Other than the Food Network, I think my Grandma had a lot of influence on my desire to be in the kitchen. When I was a kid she was always cooking southern classics like biscuits, bacon, chicken fried steak, gravy, peach cobbler (MY ALL TIME FAVORITE) and other things that contributed to my childhood obesity. Luckily I do not cook like that or eat like that (neither does she! she is the queen of vegetable soup!) or I would weigh 375 pounds, easy.
this is what my grandma's cobbler was like, sugary, doughy, sticky sweet. i almost licked my computer finding an image. |
If I would have stuck with it, I could have beaten Rachael Ray to the punch. But, around 10th grade I decided I wanted to be an architect again.
I think this switch was motivated by money. I wanted to be fricking rich, so I picked a top profession that didn't involve medical school, law school, or business school. (Life is funny sometimes).
I took it super serious this time, cause college was just around the corner. I took physics instead of easy science in high school. I interned with an architect and visited clients, drew CAD plans, and helped remodel kitchens. I went to Cal Poly's architecture summer workshop for four weeks during the summer before senior year. This was awesome because I got college credit. I had a GREAT time at what I later called "Architecture Camp". I made some great friends and made even greater memories. In the end I designed a house and got to build a model, too. I built a small home for my grandma and grandpa. It was bright yellow and had a tin roof. There was a room for my grandma to paint and a workshop for my grandpa to tinker around and build things.

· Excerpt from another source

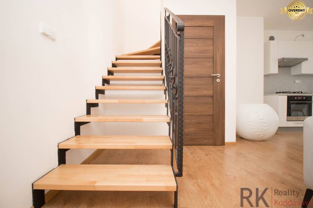 Exkluzívne Vám ponúkame na prenájom atraktívny tehlový mezonetový byt s balkónom a výťahom v historickom centre Košíc, s úžitkovou plochou 87 m2, na 2.poschodí, vo Valentina pasáži, spájajúcej ulice Hlavná a Mäsiarska. Na 1. podlaží je otvorená dispozícia, ktorú tvorí chodba s francúzskym balkónom, obývacia hala so štýlovým dreveným schodiskom, kuchyňa, spálňová časť s balkónom a kúpeľňa s WC a umývadlom. Na 2. podlaží je spálňa s praktickým šatníkom, kúpeľňa s vaňou, umývadlom a WC. Byt sa prenajíma zariadený, vrátane elektrospotrebičov : teplovzdušná elektrická rúra, plynová varná doska, digestor, chladnička s mrazničkou, mikrovlná rúra, automatická práčka. Pasáž poskytuje rôzne služby s tichými prevádzkami, napr. kaderníctvo, barbershop, manikúra, pedikúra, masáže, účtovnícke služby. V blízkosti je OD Urban a pešia zóna Košíc s kaviarňami, reštauráciami, obchodmi a s možnosťami kultúrno-spoločenského vyžitia. Cena za prenájom je vo výške 1 200 EUR/mesiac, vrátane energií a internetu.

There were big windows and a hypothetical floor made from recycled materials. The model hit the trash a couple years ago. Sadly, I don't have any pictures of it. I have pictures of all the other projects, like this one of a covered pool structure. This one was cool because we were given a site orientation and had to make sure there was sun at certain hours and shade at other hours over a lap pool.
I made a lot of other ugly shit, too. But you won't be seeing that.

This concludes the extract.